*Work to complete*:
A word-for-word copy of the following listing is needed. Leave out its images.

───── Data provided

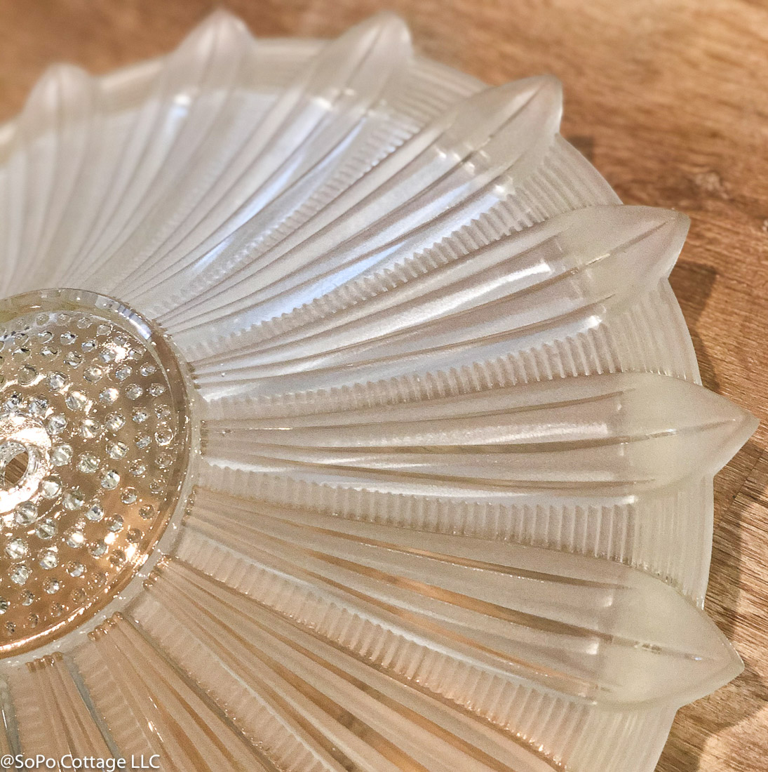 For the existing bedrooms, I came across these fantastic glass shades on Etsy. Don't you love the sunflower style? They're super heavy with both frosted and shiny glass elements. I don't know how old they are, but they have that vintage charm I was looking for.They came from different sellers - one with mounting hardware, the other sold just the shade. But I knew Brian at the Lamp Repair Shop in South Portland could help me. He crafted another hanger, so both lights will look the same.
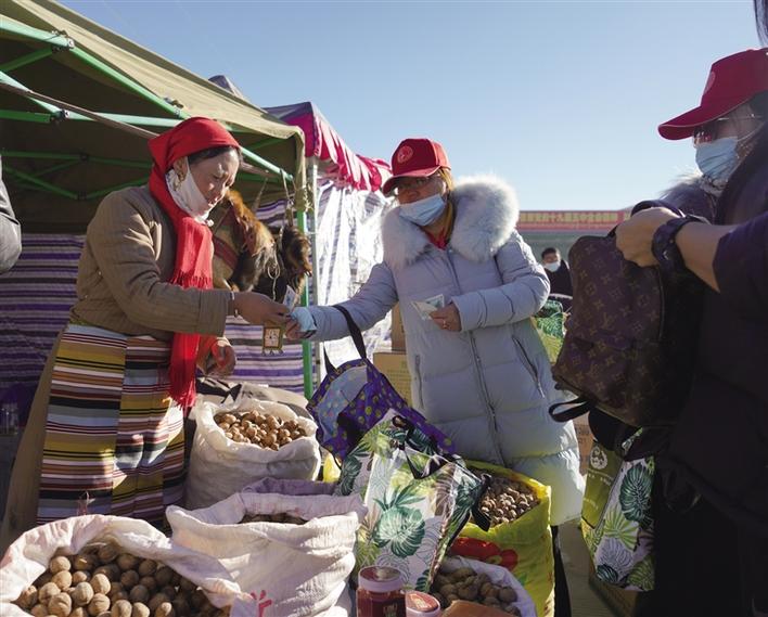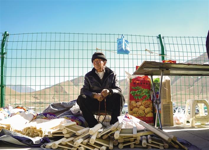 “這個小包好精致,太好看了。”旦增的攤前圍繞著一群人。“那個最小號的包還有嗎?”“不好意思,都賣完了,您看看其他型號的吧?!眮碜粤种ナ欣士h的旦增已經(jīng)是第四次參加物資交流會了,此次物資交流會他不僅帶來了核桃、辣椒、蘋果等當?shù)靥厣a(chǎn)品,還帶來了牦牛皮制作的手工包。
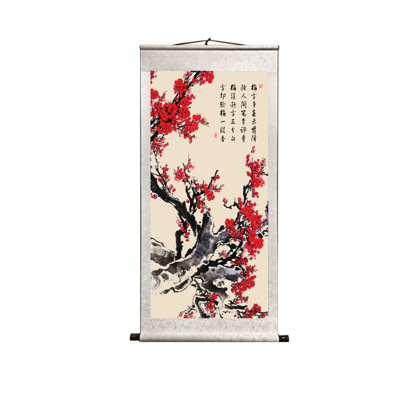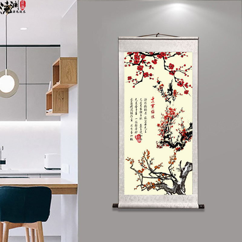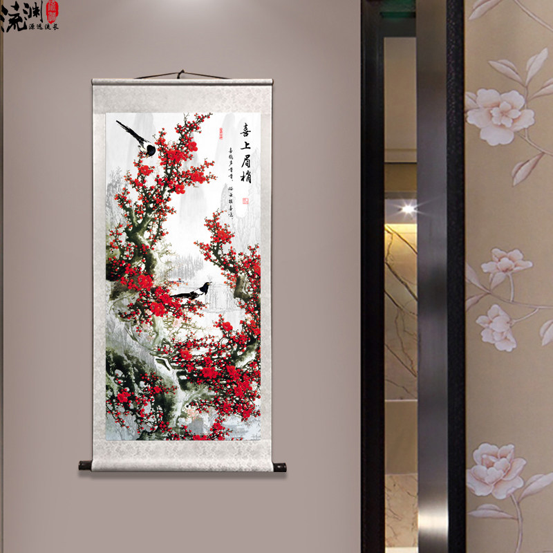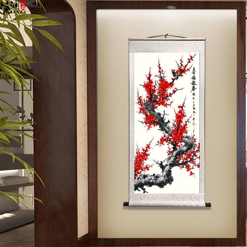 Happy brow Chinese painting plum blossom flower and bird painting ink painting living room bedroom decoration painting porch hanging painting red plum spring picture

──────────

*Output for this exercise*:
 For the existing bedrooms, I came across these fantastic glass shades on Etsy. Don't you love the sunflower style? They're super heavy with both frosted and shiny glass elements. I don't know how old they are, but they have that vintage charm I was looking for.They came from different sellers - one with mounting hardware, the other sold just the shade. But I knew Brian at the Lamp Repair Shop in South Portland could help me. He crafted another hanger, so both lights will look the same.
 “這個小包好精致,太好看了。”旦增的攤前圍繞著一群人。“那個最小號的包還有嗎?”“不好意思,都賣完了,您看看其他型號的吧?!眮碜粤种ナ欣士h的旦增已經(jīng)是第四次參加物資交流會了,此次物資交流會他不僅帶來了核桃、辣椒、蘋果等當?shù)靥厣a(chǎn)品,還帶來了牦牛皮制作的手工包。
 Happy brow Chinese painting plum blossom flower and bird painting ink painting living room bedroom decoration painting porch hanging painting red plum spring picture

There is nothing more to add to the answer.